[Dataset entries]:
━━━━━━━━━━━━━━━━

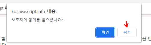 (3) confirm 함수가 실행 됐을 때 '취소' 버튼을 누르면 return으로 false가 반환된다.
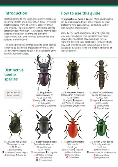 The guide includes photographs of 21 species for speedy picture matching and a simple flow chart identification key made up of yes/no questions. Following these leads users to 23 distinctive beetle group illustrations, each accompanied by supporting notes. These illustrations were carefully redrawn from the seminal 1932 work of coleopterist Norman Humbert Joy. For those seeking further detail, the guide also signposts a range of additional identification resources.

━━━━━━━━━━━━━━━━

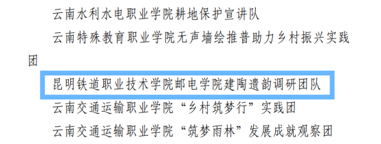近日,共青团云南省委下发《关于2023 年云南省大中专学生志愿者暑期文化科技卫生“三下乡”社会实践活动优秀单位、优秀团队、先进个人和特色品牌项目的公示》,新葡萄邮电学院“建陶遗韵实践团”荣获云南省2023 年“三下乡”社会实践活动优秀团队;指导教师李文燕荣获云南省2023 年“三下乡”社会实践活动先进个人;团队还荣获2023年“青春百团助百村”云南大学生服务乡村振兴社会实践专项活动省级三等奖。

━━━━━━━━━━━━━━━━

[Activity]: Output exactly the lines above that lie between the line with "(3) confirm 함수가" and the line with "The guide includes", those two lines included, and no pictures.

[Answer section]:
 (3) confirm 함수가 실행 됐을 때 '취소' 버튼을 누르면 return으로 false가 반환된다.
 The guide includes photographs of 21 species for speedy picture matching and a simple flow chart identification key made up of yes/no questions. Following these leads users to 23 distinctive beetle group illustrations, each accompanied by supporting notes. These illustrations were carefully redrawn from the seminal 1932 work of coleopterist Norman Humbert Joy. For those seeking further detail, the guide also signposts a range of additional identification resources.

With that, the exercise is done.